Der Ausgangspunkt für Ihre Wanderung kann die Burg Zvíkov (Klingenberg) sein, die auch als „Königin der böhmischen Burgen“ bezeichnet wird, eine wundervolle Perle der Gotik, verbunden mit einer dämonischen Legende über den sog. Klingenberger Kobold. Karl IV. ließ diese Burg prunkvoll reparieren und weilte dort oft auch mit seinem Gefolge. Setzen Sie Ihren Streifzug fort bis in den Süden Böhmens und entdecken Sie weitere bedeutende Baudenkmäler der Epoche Karls IV. In Purkarec bei Hluboká nad Vltavou dürfen Sie die romantische Ruine der Burg Karlův Hrádek nicht auslassen, die der Kaiser als seinen Sitz zur Erholung erbauen ließ. In scharfem Kontrast mit diesem einsamen Ort steht das nahe České Budějovice (Budweis), die Kulturmetropole Südböhmens. Diese altertümliche königliche Stadt hat Karl IV. insgesamt viermal besucht. Im einstigen Dominikanerkloster kann man ein gotisches Gemälde bewundern, auf dem der große Kaiser abgebildet ist.

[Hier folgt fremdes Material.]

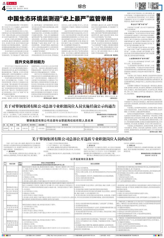 关于攀钢集团有限公司总部公开选拔专业职能岗位人员的启事
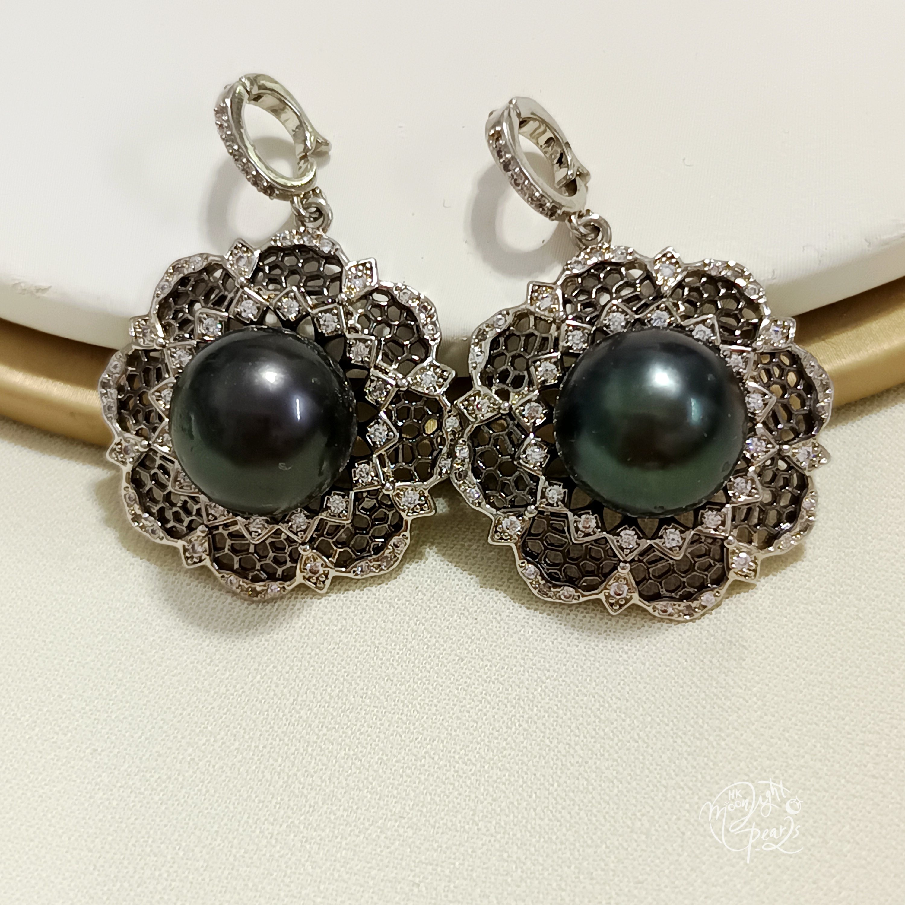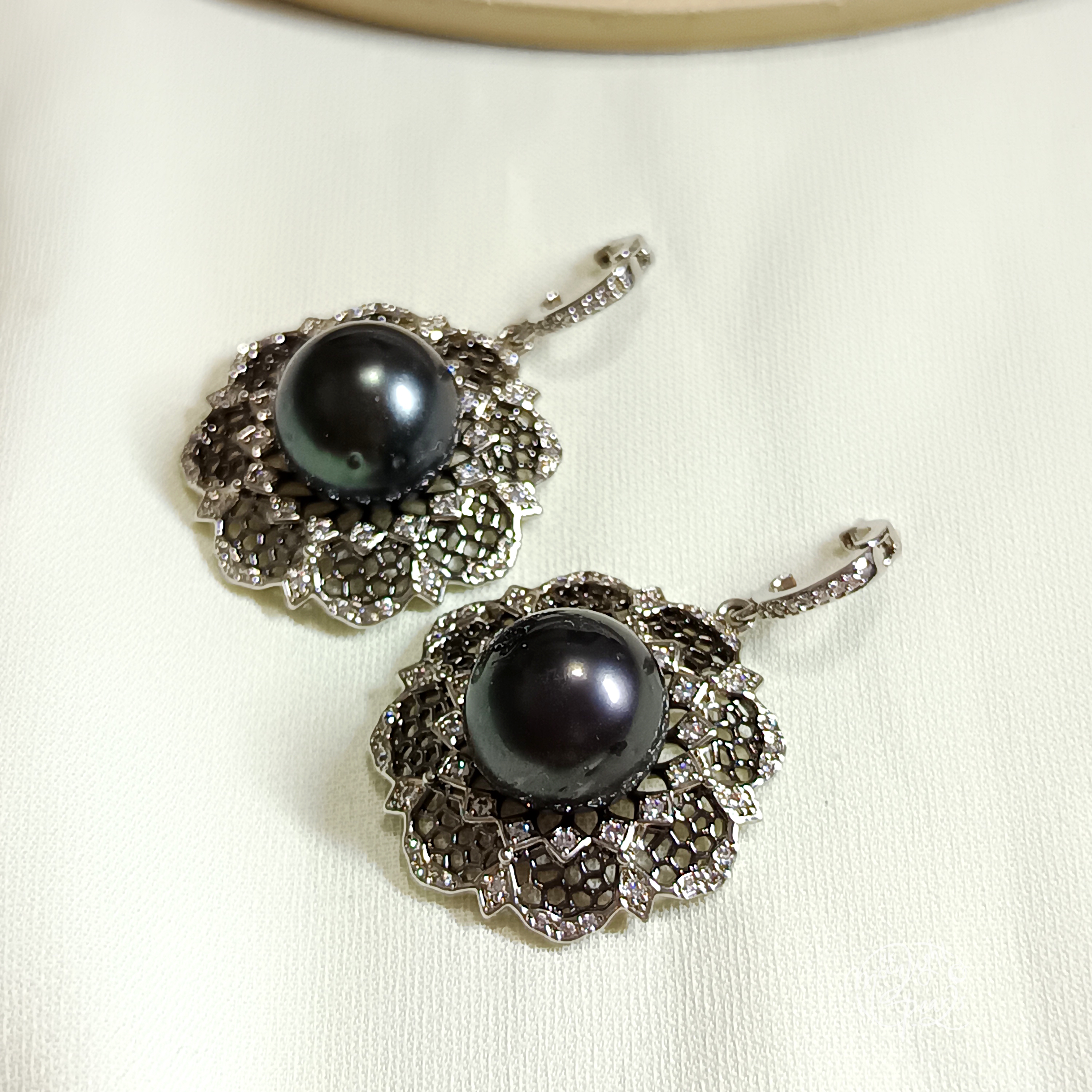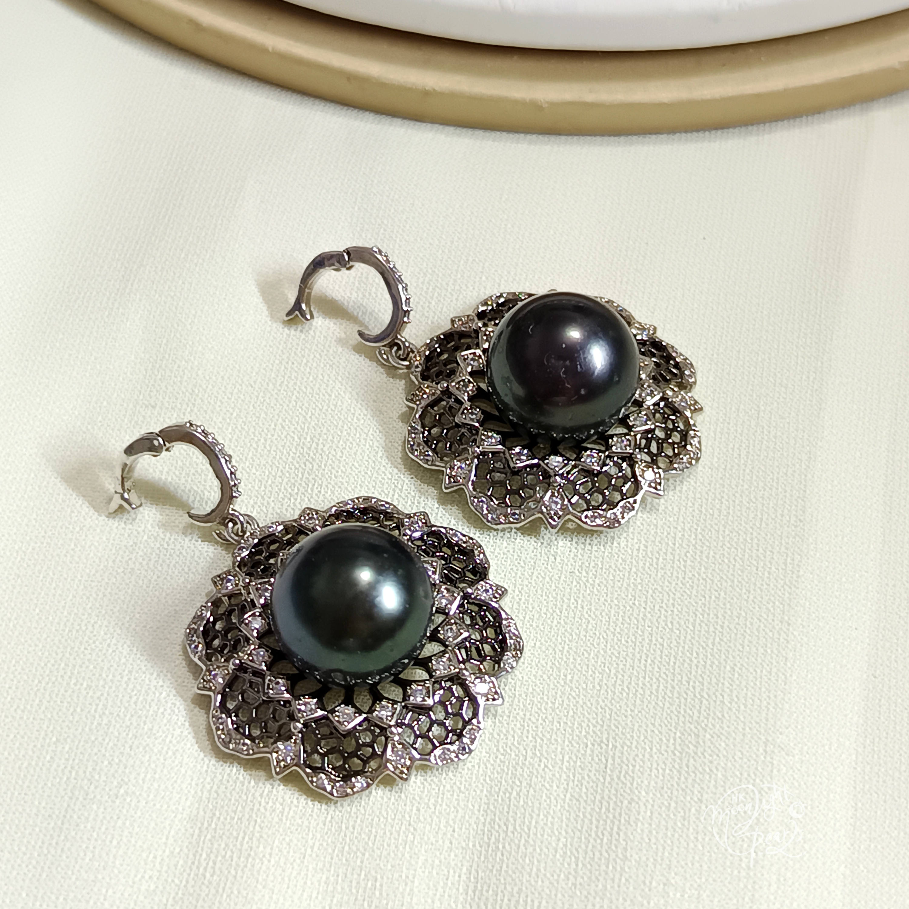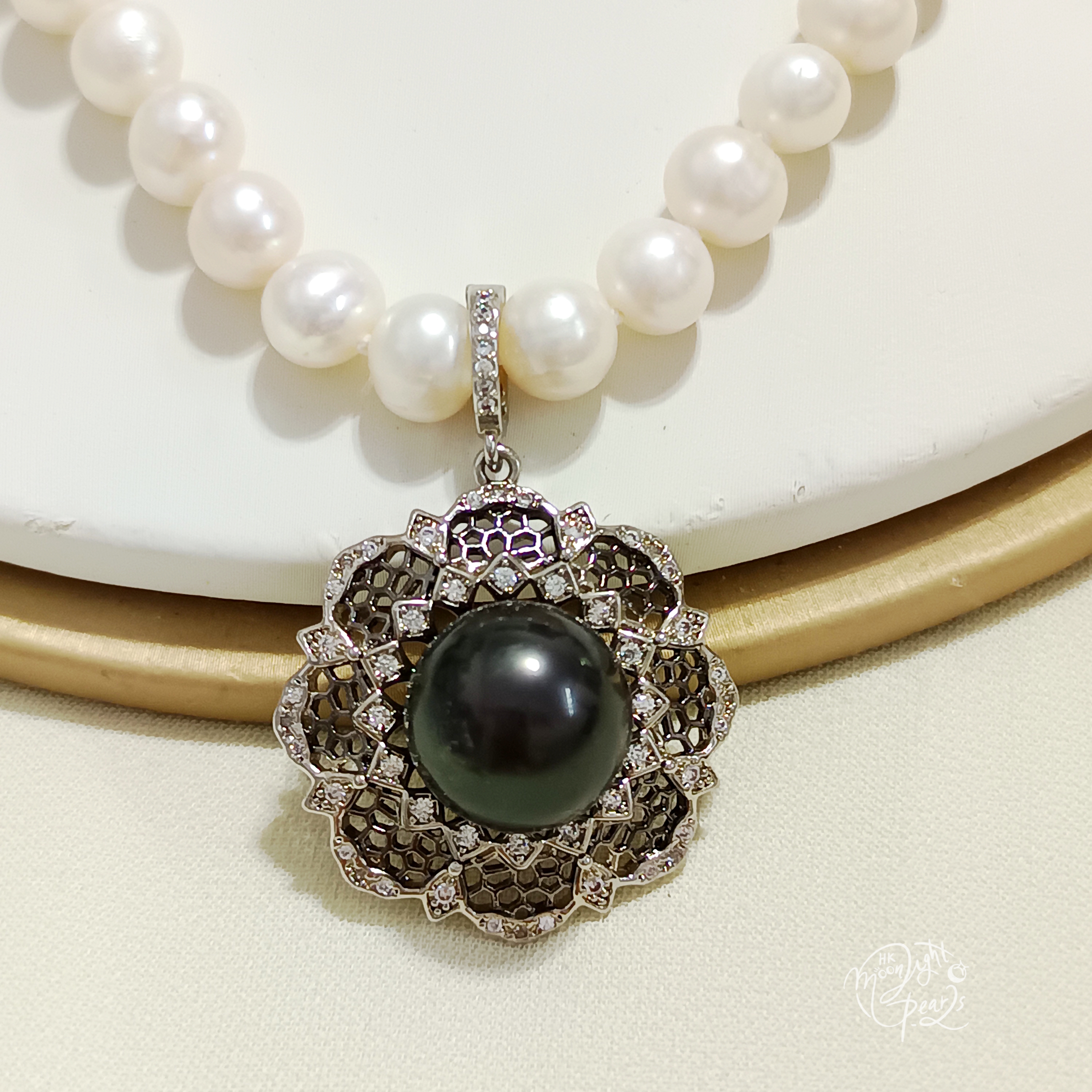 正圓強光大溪地鋼琴黑海水珍珠珠白金開口扣大花吊墜

Von dort führt Sie Ihr Weg entlang der Moldau sowohl zur märchenhaften Stadt Český Krumlov (Krumau), das in der UNESCO-Liste des Weltkulturerbes eingetragen ist, als auch zur Ruine der Burg Dívčí Kámen (Maidstein), die mit Genehmigung Karls IV. erbaut worden ist, oder zu den gotischen Zisterzienserab­teien Zlatá Koruna (Goldenkron) und Vyšší Brod ( Hohenfurth).